Antes dele, e Dilma, e Gleisi, e Manuela, falam as grevistas e os grevistas em jejum há 16 dias, naquele fim de tarde. Alguns, como Frei Sérgio Görgen e Gegê, não conseguem subir ao carro de som, e um microfone é levado até eles, no solo.

Mas, para espanto de quem, como Euzinha e Elma estivemos com eles na noite anterior, o pernambucano Jayme Amorim, líder dos sem-terra sobe ao palanque e com voz absolutamente firme, dá seu recado de que é preciso derrotar o golpe, com garra e resistência.

De onde vem a força que move estas pessoas?
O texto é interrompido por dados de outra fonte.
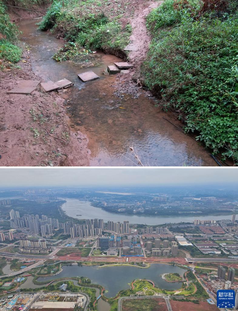 拼版照片:上圖為整治前的瀘州漁子溪(局部)(瀘州北控環保工程投資有限公司供圖),下圖為2023年6月1日拍攝的漁子溪濕地公園全景(無人機照片,新華社記者劉坤攝)。
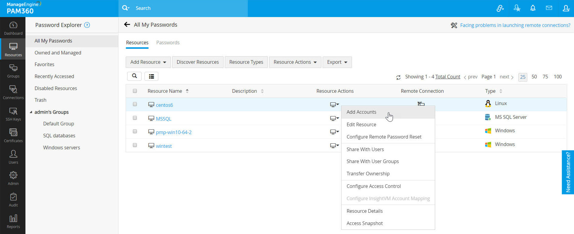 リソースをPAM360に追加したら、下の手順にしたがって、ユーザーアカウントとパスワードを新しいリソースに追加します。ユーザーアカウントをリソースに追加できる方法は2つあります:
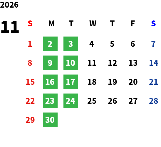 営業日カレンダー
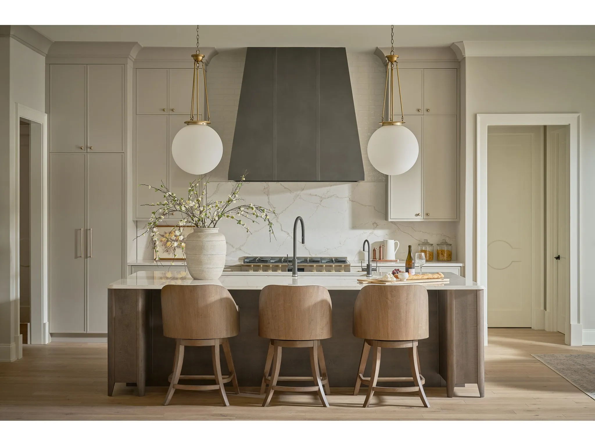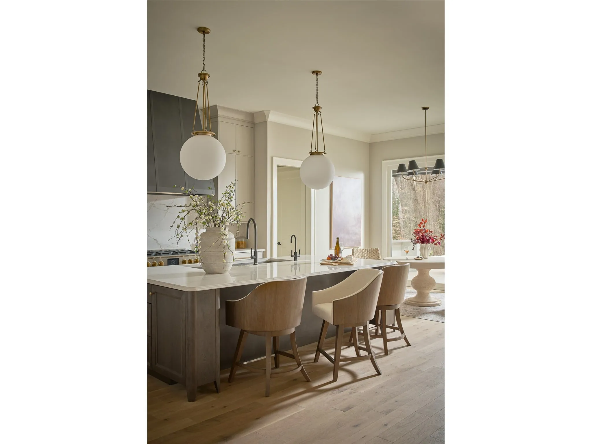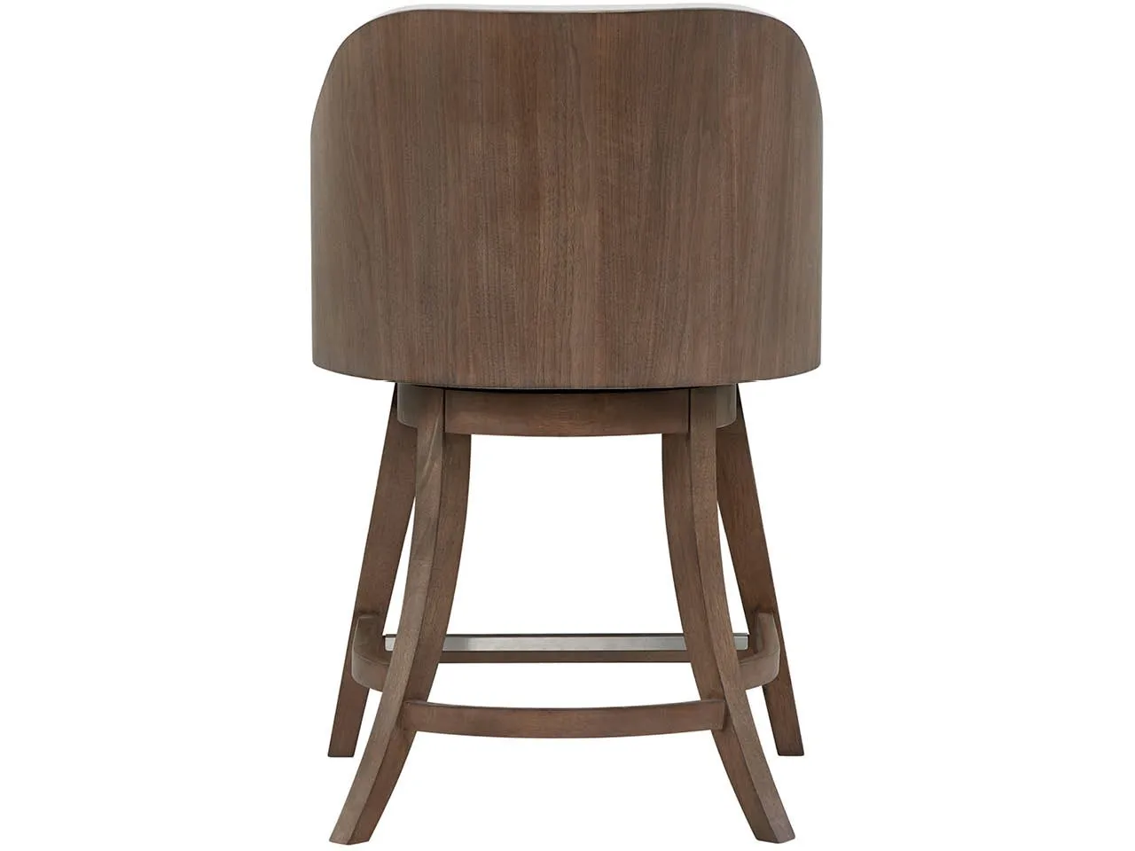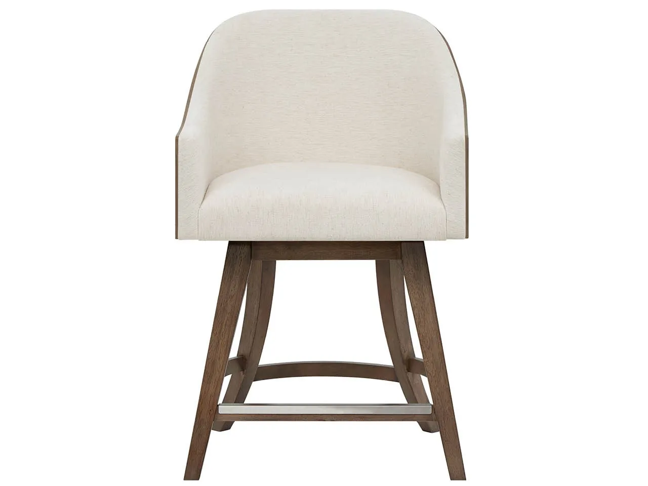 The Haze Swivel Counter Chair features a sculpted wood frame in rich Haze Walnut with an upholstered seat and back in soft Levi Oyster fabric. This chair provides functional movement and elegant comfort for high-top dining or counter seating.
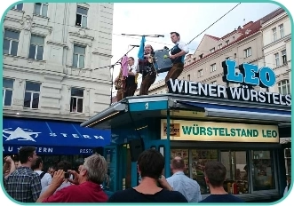 Attention cyclists! The LEO sausage stand is located directly on the cycle path.
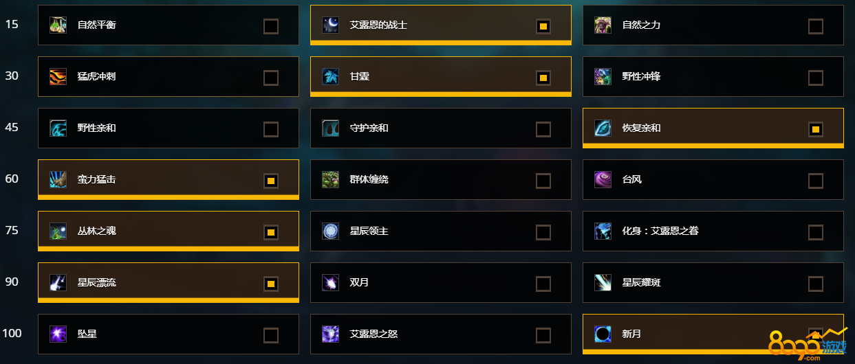 鸟德总共有4个专精,分别是平衡、野性、 守护和恢复,那么今天来介绍一下平衡德在战场中的天赋选择。
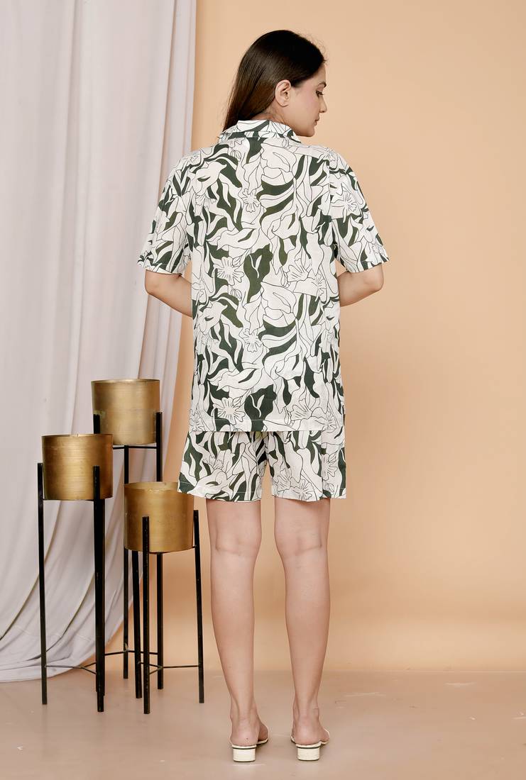 | Product Description | Elevate Your Comfort With This Women’s Premium Rayon Floral Print Co Ord Set, The Ultimate Versatile Addition To Your Wardrobe. Designed For Effortless Style, This 2 Piece Outfit Features A Soft Short Sleeve Button Down Shirt And Matching Comfortable Shorts, Making It The Perfect Summer Wear Essential. Crafted From Breathable, High Quality Rayon Fabric, It Ensures A Lightweight And Airy Feel, Ideal For Beachwear Vacations, Poolside Lounging, Or A Stylish Resort Wear Look. Whether You're Searching For Trendy Loungewear For Women, A Chic Nightwear Set, Or A Breezy Holiday Outfit, This Vibrant Black And White Botanical Print Delivers. |

A força vem da luta, da convicção, responde o próprio Amorim. Quando não há mais como suportar a canga da injustiça. Quando a liberdade e a justiça são os propósitos a serem conquistados.

Eis o sentido e a mística da marcha.

“Só marcha, e se dispõe a marchar, o povo que sonha e luta. E quem marcha, um dia triunfará.”

Para chegar às barracas armadas na parte de traz do carro-palanque, foi preciso abrir caminho para os carros na multidão, que saudava efusivamente os bravos e bravas companheiros/as.

Ninguém menos do que Gilberto Carvalho, ex-ministro-chefe da Casa Civil de Dilma Rousseff, toma a iniciativa. No que é seguido por uma profusão de braços jovens, homens e mulheres, a fazer um cordão em torno dos veículos.

A humildade é virtude rara dentre aqueles que ascendem e experimentam o poder. E isso faz toda a diferença em determinadas lideranças, traço que a elite arrogante não consegue assimilar, quanto mais engolir.

Foi um dia glorioso, cravado com a energia coletiva em nossos corações.

Não, nossa gente não merece o açoite da indignidade no lombo, o frio das trevas, o asco do pântano, a espada do arbítrio sobre suas cabeças.

Se estamos a caminho do fim da estrada longa, tortuosa e acidentada, chegamos até aqui. A perseverança e a altivez dos trabalhadores sem terra e sem teto mostra a trilha e as armas.

E a energia contagiante da juventude álacre do Levante e do movimento feminista é o estimulante que impulsiona.

Tudo isso junto e misturado nos indica que, sim, temos sucessores e sucessoras na tarefa indispensável e revigorante da resistência.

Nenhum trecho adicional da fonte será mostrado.